The Difference Between A Writing Group and a Drawing Group

Abstraktes Bild (809-4) by Gerhard Richter

I few years ago I joined a drawing group to gain some basic skills that might help with powerpoint presentations.  I liked sketching strategic concepts, but I was never able to translate whiteboard sketches into anything that looked halfway professional.  After weekly lessons, I’m now a lot better.  What’s become more enjoyable, however, is meeting with my small group of drawing classmates each week to make another attempt at our surroundings and produce a sketch that either delights or frustrates us.  Either way, we have fun, and while most of the sketches stay in our sketch book, a few successful drawings end up framed and hung on a wall, or given away as a gift.  (Mine drawings sometimes end up Facebook – I’m still just a beginner.)  Nevertheless, despite the challenge and mixed outcomes week-to-week, we all have FUN.

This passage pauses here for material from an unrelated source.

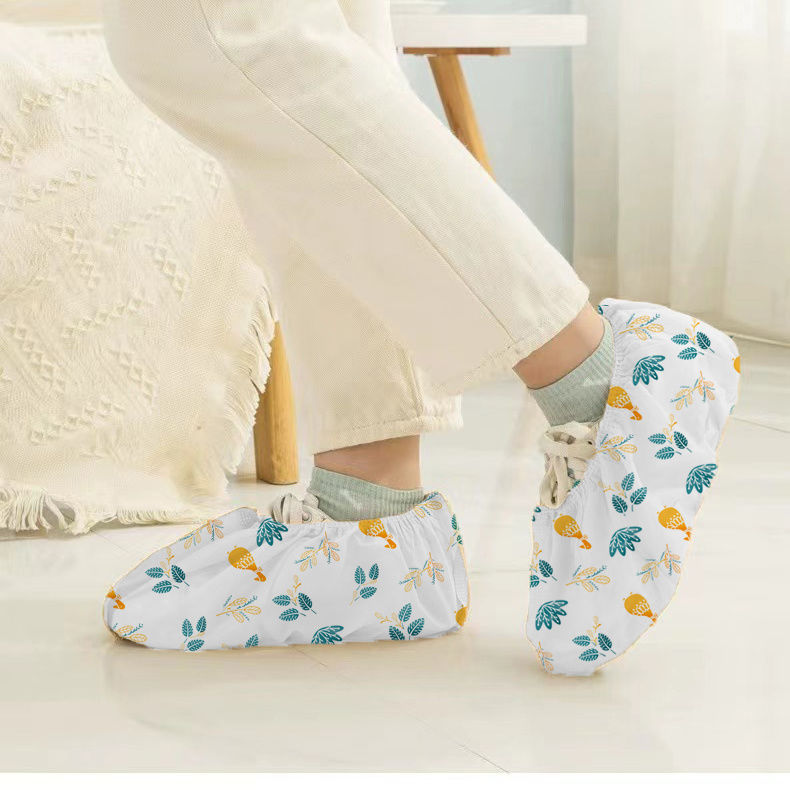 圆头一次性鞋套家用加厚印花室内成人学生耐磨防滑待客无纺布脚套

Similarly, I also belong to two writer’s groups.  The writers get together on a monthly basis and chat about book topics. Guest speakers have included authors, editors, journalists, literary agents, publishers, bloggers, and others.  However, while both groups are filled with book-lovers and avid readers, the tone is completely different.  Writing seems to means STRESS, and pretty much everyone laments over how hard it is to find the time to write, how hard it is to put words down on the page, how hard it is to construct a plot or research facts, how hard it is to get published (by a traditional publisher), and how hard it is to sell a published book.  Sell???

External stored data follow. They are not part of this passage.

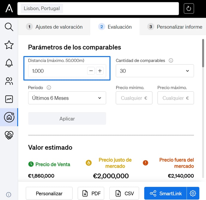 - En el segundo paso de la valoración, aumente la distancia de búsqueda en las configuraciones comparables (hasta 50.000 metros) para ampliar su área de búsqueda.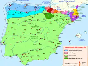 - В Испанской марке против правителя Западно-Франкского королевства Карла II Лысого поднял мятеж Гильом Септиманский, а в Васконии — Санш II Санше[11].
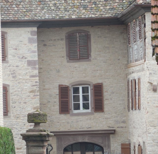 Nous sommes ici devant l’entrée Nord du château ; pour mieux l’apprécier (il vaut vraiment le détour !), nous vous invitons à débusquer la cache « Le Château fort de Breuschwickersheim » de Moupsy 😊
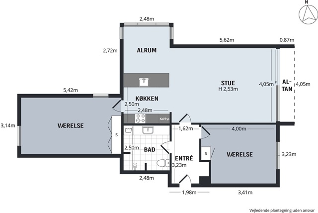 Denne treværelses lejlighed, som er indflytningsklar og fremstår i flot stand, ligger tæt på de naturskønne områder Frederiksberg Have, Søndermarken og Valby. Boligen er beliggende i en nyere ejendom fra 2001, der er moderne opført med god plads omkring bygningen. Her er flere praktiske faciliteter såsom grønne fællesarealer, en legeplads, elevator, opbevaringsrum samt cykelparkering. Parkering indenfor ejerforeningen tilbydes efter først til mølle-princippet.I selve lejligheden er der en rummelig entré med plads til overtøj, et badeværelse med bruseniche og vaskefaciliteter samt to gode soveværelser. Køkkenet og stuen er kombineret i et stort åbent rum, hvor køkkenet har en hyggelig karnap, og stuen prydes af store vinduespartier med direkte adgang til altanen. Det skal bemærkes, at altanen i første kvartal af 2026 vil blive udvidet til den dobbelte størrelse.

The writers I’ve met, seem to have their sights set on a large payday.  It’s bestseller or bust – there’s not a lot of in-between.  E-books and self-publishing have simplified the distribution requirements, so success is more a matter of marketing.  Still, the writers rise to the challenge with their own websites, blogs (note mine!), and other social media outlets.  The task is daunting, but no writer seems deterred by it!

Not too long ago, my drawing instructor introduced the group to Gerhard Richter.  The painter had just had a painting sold at auction (see above) for $34.2M.  The sale set a record for a living artist.  At the time, I mused that I should focus my life entirely to art.  If I devoted all my time to it, then couldn’t I achieve similar success?  I’m doubtful, and am sure most people would agree with me.  Yet, when a writer of similar talent observes the smashing success of “50 Shades of Grey” or “Hunger Games,” then he/she concludes that a bestseller is somehow within reach.  Are they nuts?  Not me!

It probably doesn’t take any more or less time to paint a masterpiece than write a bestseller.  Still, why are amateur writers and artists so different with respect to their ambitions?  I don’t know, but I plan to have FUN with both writing and art.